Datum inwerkingtreding | Terugwerkende kracht tot en met | Datum uitwerkingtreding | Betreft | Datum ondertekening Bron bekendmaking | Kenmerk voorstel |
---|---|---|---|---|---|
30-01-2019 | nieuwe regeling | 29-01-2019 |
De Burgemeester van Loon op Zand,
artikel 13b, eerste lid onder a, van de Opiumwet de burgemeester de bevoegdheid geeft om een last onder bestuursdwang toe te passen indien in woningen of lokalen dan wel in of bij woningen of zodanige lokalen behorende erven een middel als bedoeld in lijst I of II wordt verkocht, afgeleverd of verstrekt dan wel daartoe aanwezig is;
artikel 13b, eerste lid onder b, van de Opiumwet de burgemeester de bevoegdheid geeft om een last onder bestuursdwang toe te passen indien in woningen of lokalen dan wel in of bij woningen of zodanige lokalen behorende erven een voorwerp of stof als bedoeld in artikel 10a, eerste lid, onder 3, of artikel 11a Opiumwet voorhanden is;
Onder intrekking van de ‘Beleidsregels artikel 13b Opiumwet gemeente Loon op Zand (vastgesteld op 10 april 2018)’ vast te stellen de gewijzigde beleidsregels voor het toepassen van artikel 13b, eerste lid van de Opiumwet, onder de naam:
Beleidsregels Artikel 13b Opiumwet Gemeente Loon op Zand 2019
Gemeenten worden steeds vaker geconfronteerd met vondsten van voorwerpen en/of stoffen ter voorbereiding op en het feitelijk handelen van drugs vanuit woningen en (al dan niet) voor het publiek toegankelijke lokalen. De Wet Damocles (artikel 13b van de Opiumwet) is het juridische instrument om op te treden tegen voorbereidingshandelingen en handel in drugs vanuit lokalen, zoals bedrijfsgebouwen, cafés en winkels, maar ook om op te treden tegen voorbereidingshandelingen en handel in drugs vanuit woningen.

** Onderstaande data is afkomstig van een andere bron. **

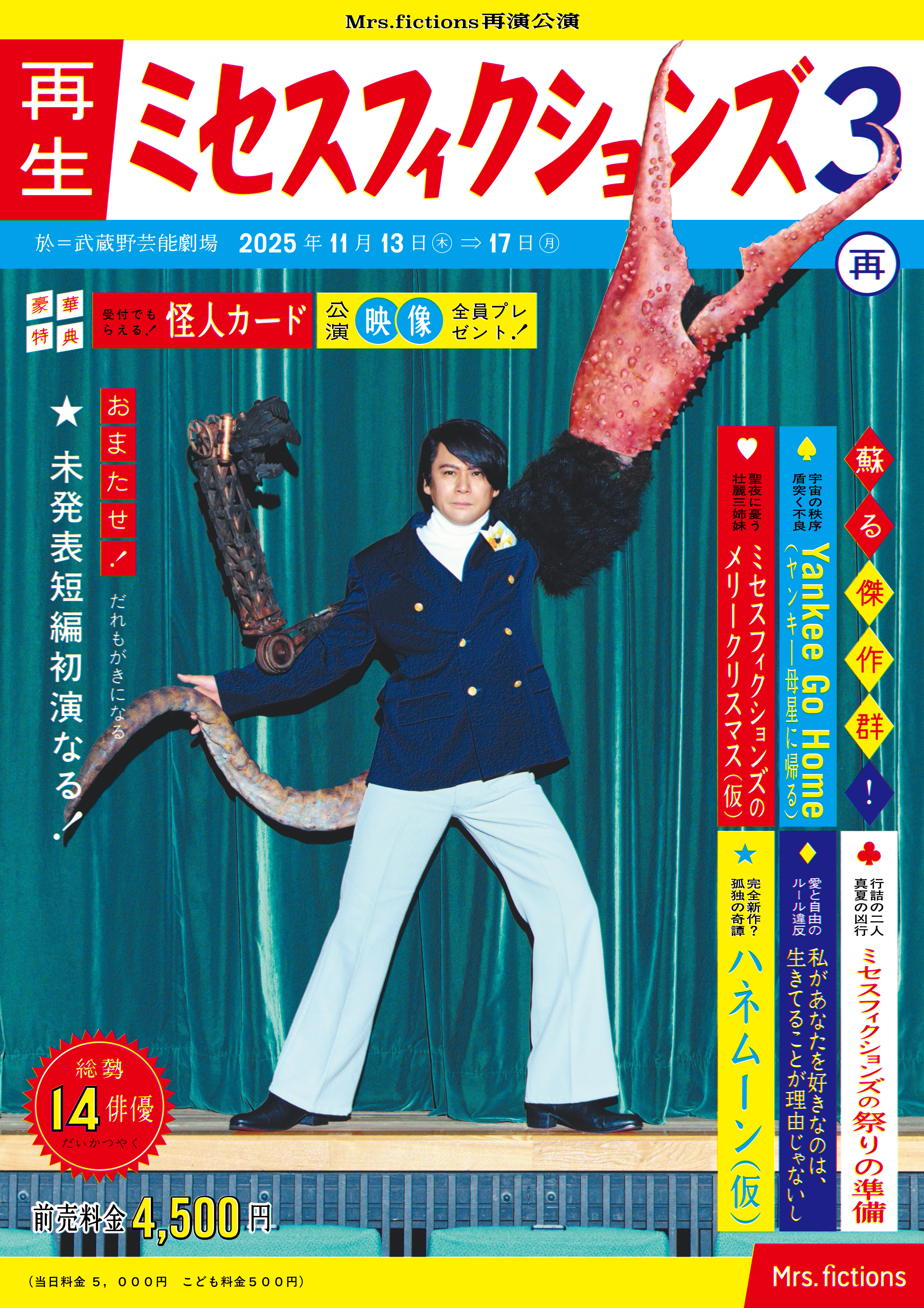 2015年、2018年にそんな理屈をこねつつ、過去に上演した短編を【再生怪人】になぞらえて再演し好評を博した『再生ミセスフィクションズ』が、7年ぶりの大・復・活!3と銘打っていても要は短編集なので1と2を観ていなくても問題ない上に、表紙の怪人も本編とは無関係の、コンセプトが生んだ化け物です。今回もチケットの代わりに怪人カードがもらえたり、本編丸ごと収録した動画を後日ご来場者全員にプレゼントしたりと盛りだくさん!
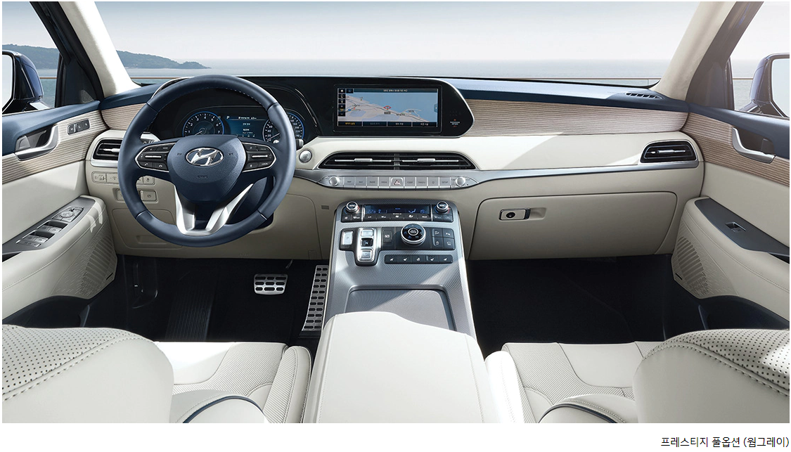 개인적인 의견으로는 외관에 더 비중을 많이 두는 편이기에 프레스티지에 더 마음이 갑니다. 외관 옵션으로 Full LED 헤드램프, 20인치 알로이 휠과 타이어는 팰리세이드를 더 돋보이게 해줍니다.
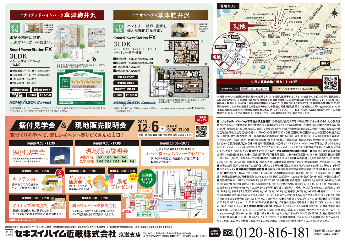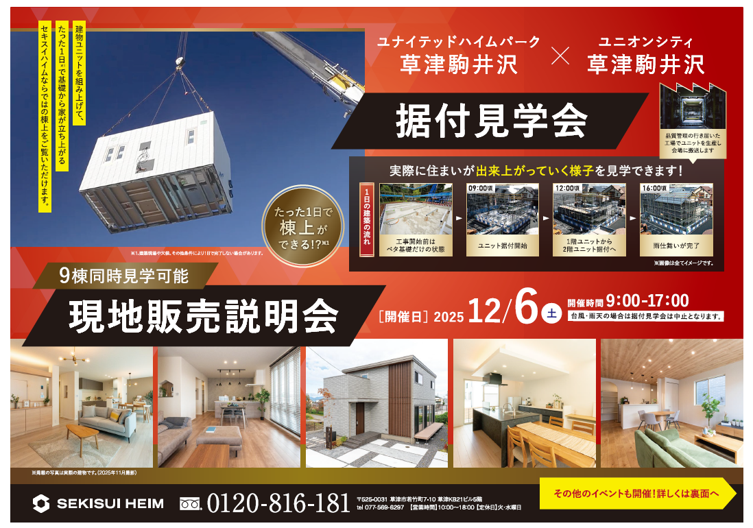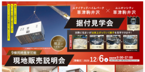 12/6(土)9:00~17:00現地販売説明会開催中です。※台風・雨天の場合は据付見学会は中止となります。

Artikel 13b, eerste lid onder a, van de Opiumwet geeft de burgemeester de bevoegdheid tot toepassing van bestuursdwang indien in woningen of lokalen dan wel in of bij woningen of zodanige lokalen behorende erven een middel als bedoeld in lijst I of II van de opiumwet wordt verkocht, afgeleverd of verstrekt dan wel daartoe aanwezig is en, onder b, indien in woningen of lokalen dan wel in of bij woningen of zodanige lokalen behorende erven voorwerpen, stoffen of ruimten aanwezig zijn die bestemd zijn voor onder meer het telen of bereiden van drugs. De onder artikel 13b, eerste lid onder b, genoemde voorwerpen, stoffen en ruimten moeten gelieerd zijn aan voorbereidingshandelingen die strafbaar zijn op grond van artikel 10a of 11a Opiumwet.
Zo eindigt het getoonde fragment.